Active Screening Strategies and Education for Hepatitis C Infected Pregnant Women are Needed to Improve the Identification of Hepatitis C Exposed Newborns

Session: Poster Abstract Session: Pediatric - Viral Studies
Friday, October 10, 2014
Room: The Pennsylvania Convention Center: IDExpo Hall BC
  • Hepatitis C Screening Pregnant Women and Newborns.pdf (48.0 kB)
  • Background: Hepatitis C virus (HCV) infection is a silent disease and major public health concern that affects ~3.2 million, making it the most common chronic blood borne infection in the US.  While most children acquire HCV perinatally, without appropriate maternal screening, <5% of cases are identified.  The American Academy of Pediatrics and Centers for Disease Control and Prevention (CDC) recommend testing of all infants born to mothers with HCV, yet CDC and American College of Obstetrics and Gynecology (ACOG) recommend testing only high risk pregnant women. The objective of this study was to improve identification of HCV exposed newborns.

    Methods: The project was conducted in 2 phases. Intervention 1: An educational handout regarding testing of newborns exposed to HCV was developed and given to HCV positive mothers after delivery along with an appointment for testing the newborn.  HCV testing and newborn follow-up data were analyzed pre-intervention (Jan-Dec 2012) and post-intervention (Jan-Dec 2013).  Intervention 2:  To further improve identification of HCV exposed newborns, collaborative measures between Obstetrics (OB) and Pediatric Infectious Disease programs, were implemented.  A HCV risk screening questionnaire based on ACOG recommendations was administered to all pregnant women attending a university OB clinic.

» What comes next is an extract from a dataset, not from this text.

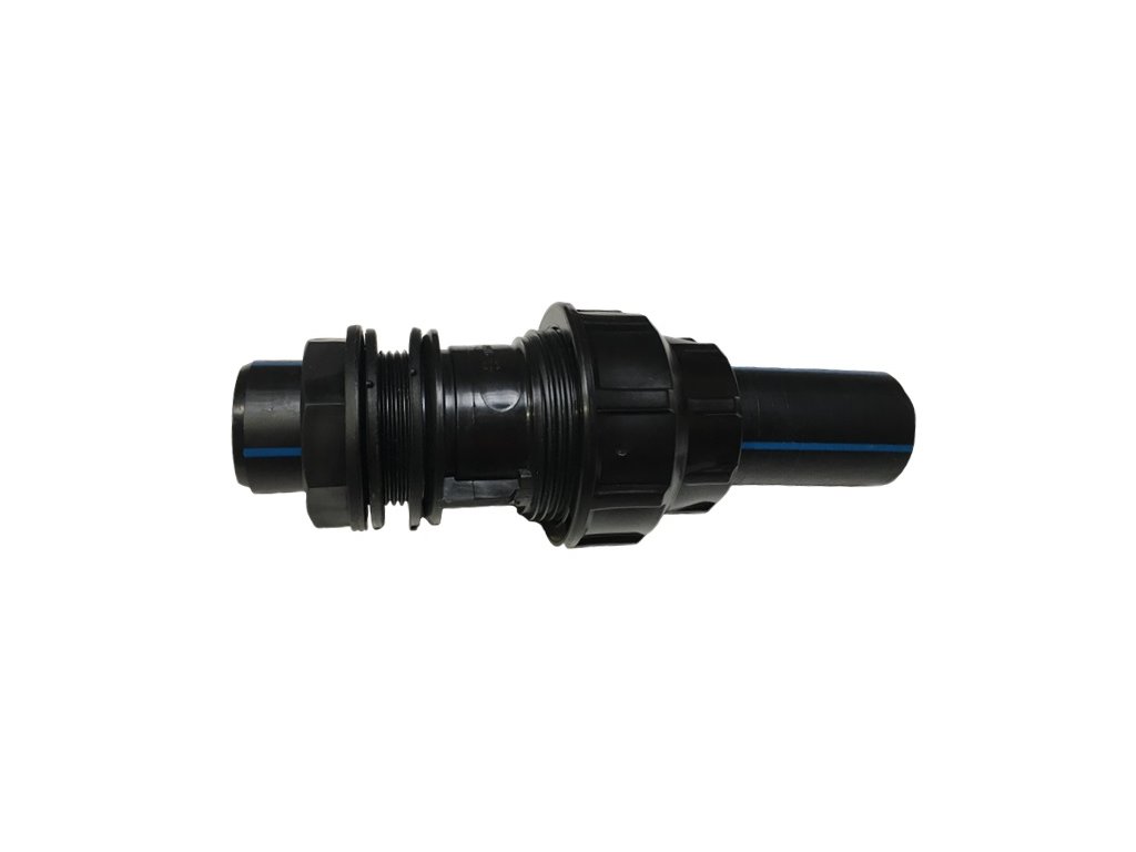 Plastové svěrné průchodky pro vodoměrné šachty a nádrže s maximální tloušťkou stěny 8 mm, pro PE trubky. Průchodka utěstní průchod trubky stěnou vodoměrné šachty a zabrání vniknutí okolní vody do nádrže. Průchodka je opatřena svěrným kroužkem a zabraňuje axiálnímu posunu trubky. Umožňuje protažení trubky do vnitřku šachty bez jejího přerušeníPoužití: pro průchod trubky ze všech druhů polyetylenu (PEHD, PEMD, PELD) dle DIN 8074, ISO 4427 stěnou vodoměrné šachty, nádrže a podobně.

Women identifying risk factors were tested for HCV antibody. Results from pre-intervention (Jan-Mar 2013) and post-intervention (Jan-Mar 2014) periods were compared.

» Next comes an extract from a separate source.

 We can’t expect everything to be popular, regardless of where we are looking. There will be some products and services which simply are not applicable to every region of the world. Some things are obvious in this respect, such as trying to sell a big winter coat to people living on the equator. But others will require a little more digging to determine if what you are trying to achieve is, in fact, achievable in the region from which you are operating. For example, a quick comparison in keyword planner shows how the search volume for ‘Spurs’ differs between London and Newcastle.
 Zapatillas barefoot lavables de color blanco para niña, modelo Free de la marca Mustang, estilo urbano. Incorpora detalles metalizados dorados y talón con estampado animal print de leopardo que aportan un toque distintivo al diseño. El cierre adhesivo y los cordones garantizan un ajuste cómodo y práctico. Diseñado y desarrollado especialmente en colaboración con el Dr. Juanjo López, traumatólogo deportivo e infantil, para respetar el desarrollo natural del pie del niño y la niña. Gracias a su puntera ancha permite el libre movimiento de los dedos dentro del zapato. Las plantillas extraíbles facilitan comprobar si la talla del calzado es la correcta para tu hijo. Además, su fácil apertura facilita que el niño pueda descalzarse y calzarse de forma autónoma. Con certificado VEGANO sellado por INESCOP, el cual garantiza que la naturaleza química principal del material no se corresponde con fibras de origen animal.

    Results: Prior to intervention 1, 3 (23%) of 13 newborns were tested and all were negative. After intervention 1, 14 (50%) of 28 newborns were tested, 1 was HCV PCR positive. Prior to intervention 2, only 8 (0.7%) of 1112 pregnant women were tested for HCV and all were negative, compared to 116 (12%) of 977 women after intervention 2 (p<.0001, chi-square test). 7 (6%) were HCV antibody positive. 

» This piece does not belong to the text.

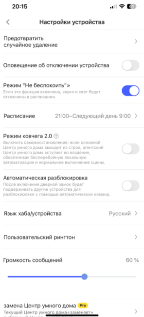 В разделе “Настройки устройства”, втором пункте меню, предоставлены расширенные конфигурации, такие как защита от случайного удаления, режим “Не беспокоить”, который отключает все голосовые и световые уведомления, а также настройки языка и громкости голосовых оповещений.

    Conclusion: Our data suggest that educational handouts improve HCV testing of exposed newborns. In addition, many HCV infected pregnant women and their exposed newborns would not be identified unless active interventions for screening are in place. Universal testing of pregnant women may be a better strategy to identify HCV exposed newborns.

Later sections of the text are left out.